Presença de ministros folclóricos no governo Bolsonaro é estratégica
Extrema-direita se sustenta projetando um 'inimigo'. Presença de ministros 'folclóricos' no governo não é aleatória, mas estratégica. "Bolsonaro não poderia ter apenas um núcleo econômico, que é impopular", observa professora de Relações Internacionais da Unifesp
Vitor Nuzzi, RBA
Jair Bolsonaro representa uma união “interessante e também muito perigosa” entre neoconservadorismo e neoliberalismo, uma “aliança promíscua” que leva a uma política predatória, analisa a professora Esther Solano, que deu palestra na noite de ontem (11) no Centro Universitário Maria Antônia, da Universidade de São Paulo. É isso que permite, por exemplo, a convivência, entre Chicago boys, como Paulo Guedes, e pessoas como Ernesto Araújo. A cientista política observa que a presença de ministros considerados “folclóricos” no governo não é aleatória.
“É uma complementariedade de estratégias“, diz Esther. “O governo Bolsonaro não poderia ter apenas um núcleo econômico, que é muito impopular.”
A professora de Relações Internacionais da Universidade Federal de São Paulo (Unifesp) vem há anos realizando entrevistas com simpatizantes de Bolsonaro.
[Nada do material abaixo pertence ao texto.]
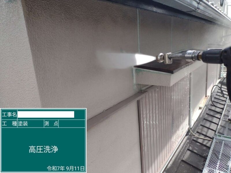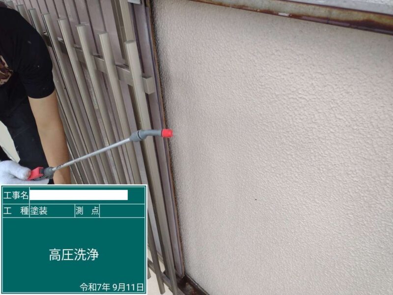 【高圧洗浄】隅々まで汚れを落としていきます。外壁も同様に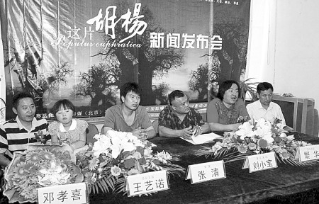 灾后心理重建一直是社会关注的话题,即将于7月开机的国内首部儿童歌舞高清数字电影《这片胡杨》就以此为切入点。日前,首次独立执导电影的河南籍导演、《武林外传》中小米的饰演者张清携剧组与观众见面 (上图),6岁的王艺诺将在影片中担任主演。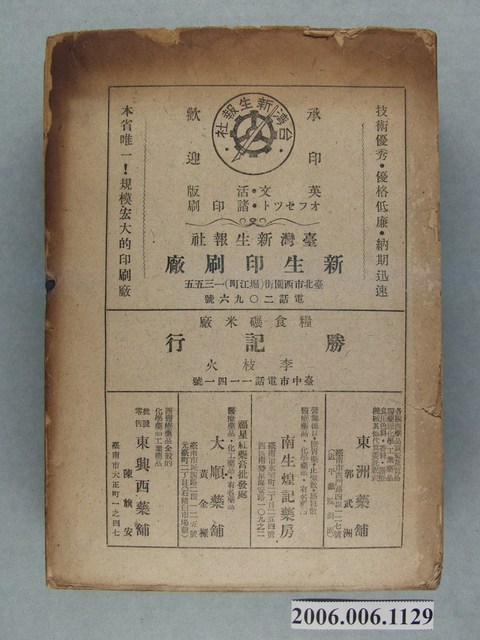 此物件為《臺灣年鑑》(1947年度),編輯單位為臺灣新生報社。《臺灣年鑑》的內容涵蓋了臺灣的地理、歷史、軍事、內政、經濟、學術等項,為甫經歷政權轉移的臺灣社會狀況進行了概括性的整理、紀錄。 此物件的出版方為臺灣新生報社,《臺灣新生報》創刊於1945年10月,是戰後初期由臺灣省行政長官公署宣傳委員會所經營的官方報刊,其前身為1944年,臺灣總督府整併島內六間報社所發行的《臺灣新報》。《臺灣新生報》最初由李萬居主導,雖屬官營報紙,但仍忠實反應民意,在二二八事件前夕,官民衝突漸深之際,新生報屢次發表告誡官方約束權力之言論。二二八事件之後,李萬居職權遭架空,辦報人員亦多被肅清,《臺灣新生報》成為單純傳遞政令訊息的官營報紙。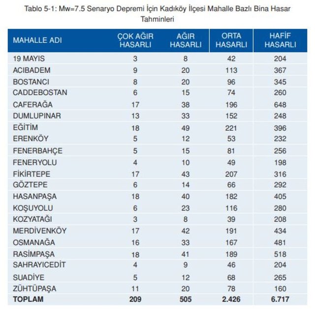 7 ve 8 aralığında olası bir depremde Kadıköy'ün Kurbağlıdere vadisi daha çok etkilenecektir. Merdivenköy, Zühtüpaşa, Caferağa, Osmanağa’da etki söz konusu" diye belirtti.

Recentemente, captou eleitores que se dizem arrependidos, mas não de uma maneira que poderia ser revertida politicamente, pois são pessoas aparentemente decepcionadas com o que consideram certa “fraqueza” do presidente eleito, de quem esperavam algo mais “linha-dura“.
Ela aponta um novo “sujeito sociológico“, representado pela classe média. “Muitas vezes as esquerdas não têm um discurso para as classes médias, que é quem organiza o debate público“, diz Esther.
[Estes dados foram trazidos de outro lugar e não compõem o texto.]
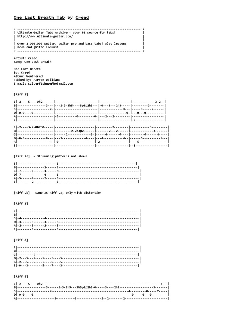 One Last Breath Tab by Creed Tabs Ultimate Guitar Archive
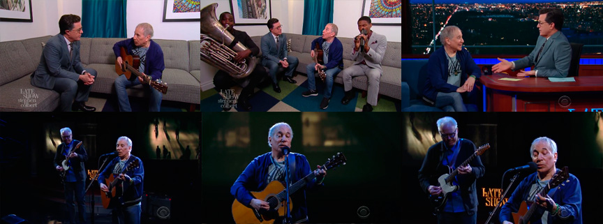 Comentarios: Paul Simon vuelve como invitado en The Late Show with Stephen Colbert. El programa empezó con una vista a la sala de invitados donde veíamos a Simon con su guitarra tocando unos acordes de "In The Garden of Edie", aparece Stephen Colbert y le comenta que uno de sus temas favoritos es "Feelin' Groovy'", Paul le responde que la odia, que se ha quedado anticuada así que deciden hacer una versión con una nueva letra paródica adaptada a la era Trump.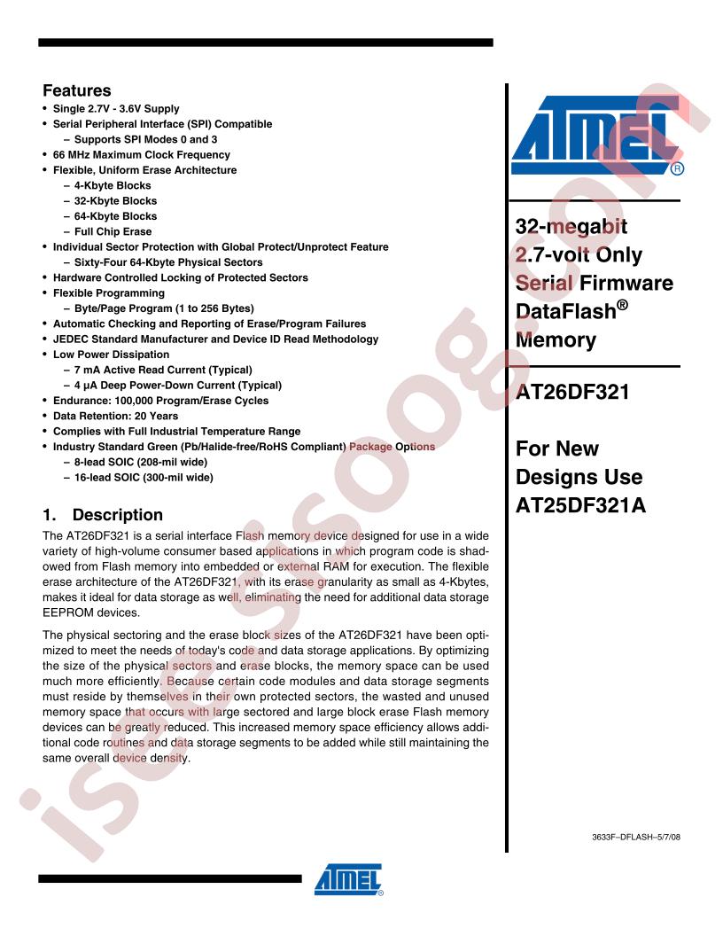 FLASH Memory IC 32Mb (256 Bytes x 16384 pages) SPI 66MHz 8-SOIC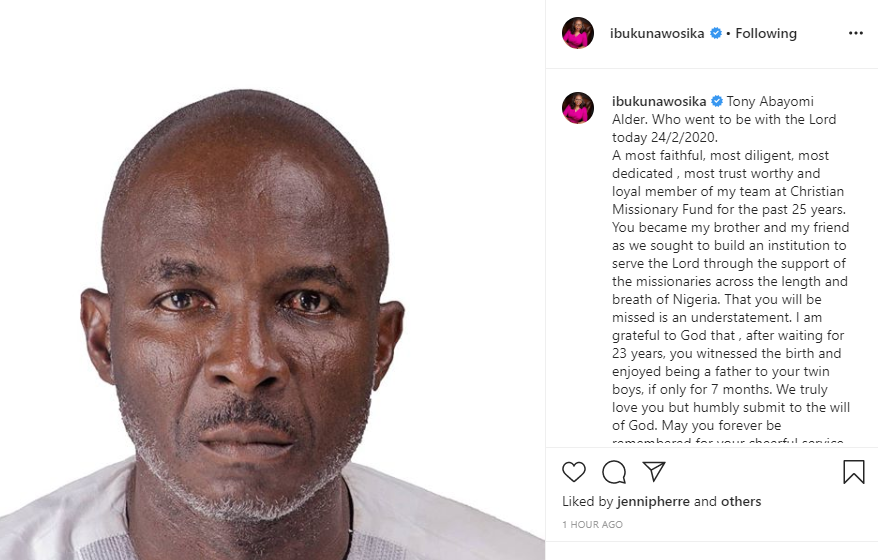 Awosika revealed that the late Alder, who was a missionary worker died today.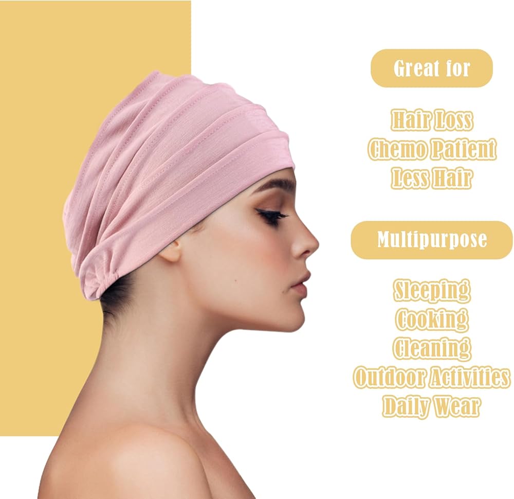 - متعددة الاستخدامات: يمكن ارتداء القبعة في مجموعة متنوعة من المناسبات، مثل أثناء العلاج الكيميائي، أو الأنشطة الخارجية، أو ببساطة كإكسسوار أنيق.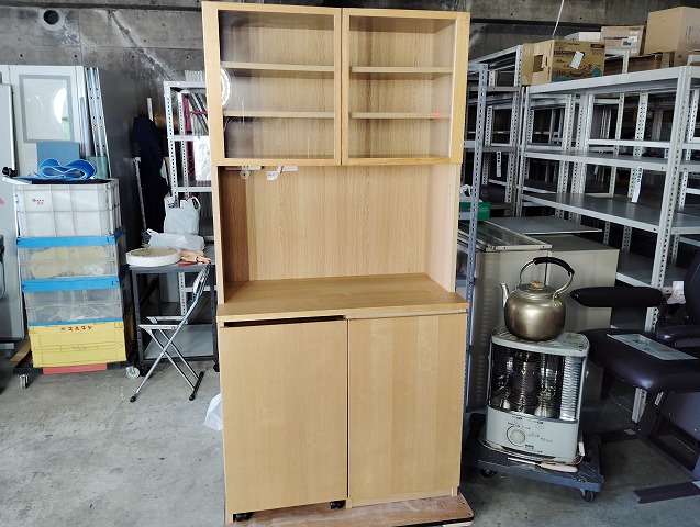W900 H800 D400 無印良品のサイドボードです。正面はタモ材で側面棚板等は化粧板です。正面左側下部はキャスター付きワゴンです。棚板に撓り、棚板、側面、天井にテープ剥がし跡があります。その他目立つ傷や汚れの無い良品です。 ※大型商品につき配達は自社便配達のみ承ります。又、荷受け時にお手伝いが必要です。 ※この商品は新潟県外発送致しません。

E foram exatamente esses segmentos, lembra, os beneficiados por políticas públicas, como o Fies e o Minha Casa Minha Vida, mas que também passam a adotar o discurso da meritocracia e do individualismo, além da rejeição aos pobres. Algo que ela chama de “reelaboração da memória“, segundo a qual não foi o governo do PT que proporcionou avanços, foi o contexto internacional; ou ainda não foram as políticas públicas que permitiram progressos, mas o esforço individual.
Mesmo sendo um político com três décadas de presença no parlamento, Bolsonaro beneficiou-se de um discurso de criminalização da política e de ataque ao Estado, como sinônimo de ineficácia. Um sentimento contra o fazer político “e portando do fazer coletivo“. Soma-se uma “Justiça de espetáculo“, moralista e quase messiânica, estimulando um ambiente de linchamento coletivo, sem os devidos processos penais. “O foco dessa criminalização é sempre o poder público.”
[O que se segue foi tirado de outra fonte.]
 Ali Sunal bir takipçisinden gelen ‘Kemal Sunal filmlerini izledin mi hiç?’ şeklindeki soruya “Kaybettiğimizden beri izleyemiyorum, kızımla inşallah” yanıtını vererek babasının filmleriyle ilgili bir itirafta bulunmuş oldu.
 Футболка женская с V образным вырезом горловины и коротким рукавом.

E há também o que a pesquisadora chama de “operação psico-política“, que beneficiou um espectro ideológico. “A extrema-direita sempre opera potencializando um sentimento, que é o medo. E utiliza uma figura que é muito útil, que é bode expiatório. Você se mantém politicamente vivo graças à projeção desse inimigo. É uma ficção generalizada, uma paranoia coletiva.”
O “inimigo“, no caso, podem ser os “comunistas” ou aqueles que estariam determinados a acabar com valores da família, por exemplo. “A extrema-direita desumaniza o tempo todo. Reumanizar é muito difícil.” O diálogo se fecha.
Por fim, ela aponta o papel das redes sociais, que proporcionaram uma espécie de “efeito bolha” nas eleições, cada qual falando para o seu grupo.
“Você tem como um muro virtual. A consequência é que você desaprende a dialogar. É uma lógica de desaprendizado democrático.”